Review: They’re Playing Our Song (Menier Chocolate Factory)

Whilst the latest musical offering from the Menier didn’t garner the critical acclaim of some of its previous efforts, the sell-out audience didn’t seem to care when I went to see the show last week…

I have been looking forward to seeing it since news of the production was announced. I was shocked by the negativity of some of the reviews, especially Christopher Hart’s in the Sunday Times, and was left wondering whether my trip would be a wasted one…

I don’t necessarily expect to agree with what the reviewers say (frankly, I’d be disappointed to agree with much of the nonsense that Christopher Hart writes!), but 4 days on, I’m still surprised by how strongly I disagreed with them this time around.

Let’s get one thing clear – TPOS is not the best musical ever written. The dialogue can be very dated in places, and a few of the songs are a little twee for my liking. But before I go on, I want to point out one of my major frustrations with theatre critics – the inability to distinguish between the quality of a show and the quality of a production.

The two things are obviously intrinsically linked – poor material is still likely to be poor on stage, however well it’s performed. But productions are rarely either truly outstanding or truly miserable, so it wouldn’t hurt reviewers to actually try to make the distinction between writing and production. In fact, Serena Davies in The Telegraph was one of the only reviewers who actually managed this. She acknowledged that there’s “a little musical mediocrity in this sweet show” but still refers to “Fiona Laird’s inspired Seventies pastiche of a production”.

I think she’s hit the nail on the head here – it’s a 5-star production of a 3-star show.

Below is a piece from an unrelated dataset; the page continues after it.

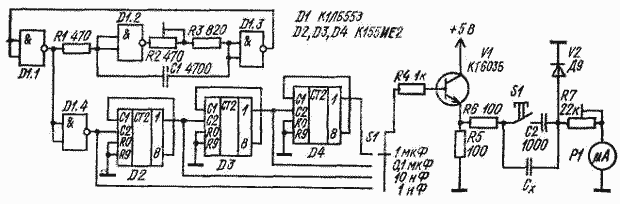 Измеритель емкости состоит из генератора импульсов (D1.1-D1.3), делителя частоты (D2-D4), электронного ключа (V1) и измерительной цепи (V2, R7 и Р1).

Firstly, let me acknowledge that there are things wrong with the show:

  • Neil Simon’s script: sometimes funny, but too often dated. Not enough many laugh-out-loud moments 
  • Alistair McGowan’s voice: he might be a great actor, but he’s voice isn’t really good enough to carry a musical.
  • Connie Fisher’s accent: her American accent was very strange in the first half-hour, but thankfully she warmed up as the show progressed
  • The new orchestration: very rocky and guitar-based, it’s fun, but I think I preferred it with a little more wind and brass, something that can’t really be replaced by a synth

 Right, now that’s done I can concentrate on all the things right with the show:

  • Alistair McGowan’s acting: Staggeringly good acting – it doesn’t hurt that his American accent was perfect (not surprising for someone who does impressions!). He was a truly magnetic presence on stage. If only his voice had matched his acting.
  • Connie Fisher’s voice: I was a big fan of Fisher’s when she won the BBC series ‘How do you solve a problem like Maria?’, and loved her performance in The Sound of Music. I thought she was equally impressive here, particularly her voice which is fab
  • Fiona Laird’s direction: The material is clearly dated, but Laird’s production embraced that fact, rather than trying to modernise it. She managed to bring out lots of humour, which was no mean feat given some of the clunkier lines.
  • Matthew Wright’s design: The Menier is a small space with limited money, but you wouldn’t know it from the quality of this set. It looked expensive, and the revolve actually worked really well.

In fact, looking back, it’s difficult to believe that I even watched the same show as Christopher Hart. I doubt the show will get a transfer (unlikely the Xmas show, La Cage Aux Folles, whose transfer has just been announced).

Given that, I’d still recommend seeing TPOS before it shuts at the end of September. I appreciate that you might have been put off by the reviews (and I do appear to be in a minority here), but I genuinely think that the show is better than it has been given credit for. Strong audiences would seem to suggest that things are not all bad!



Newspaper review round-up:
Telegraph review (Serena Davies)
Guardian review (Michael Billington)
Times review (Sam Marlowe)
Independent (Paul Taylor)
Evening Standard review (Liz Hoggard)
The Stage (Mark Shenton)

The bloggers reviews:
West End Whingers review
Webcowgirl review
The Londonist review

2 Responses to “Review: They’re Playing Our Song (Menier Chocolate Factory)”

  1. 1 Carol Ann Burridge September 1, 2008 at 3:07 pm

    Ah a journalist that recognises talent at last. I agree its very dated and to me what lets it down (and its not the production or the cast) its the story line and the fact that there are no well known songs in it.Its a pity that somewhere along the line the songs that they composed and wrote couldnt have been slipped into the story so that the audience were then able familarise themselves with their material

  2. 2 Lisa September 1, 2008 at 9:39 pm

    I could listen to Alistair McGowans Voice all day long !!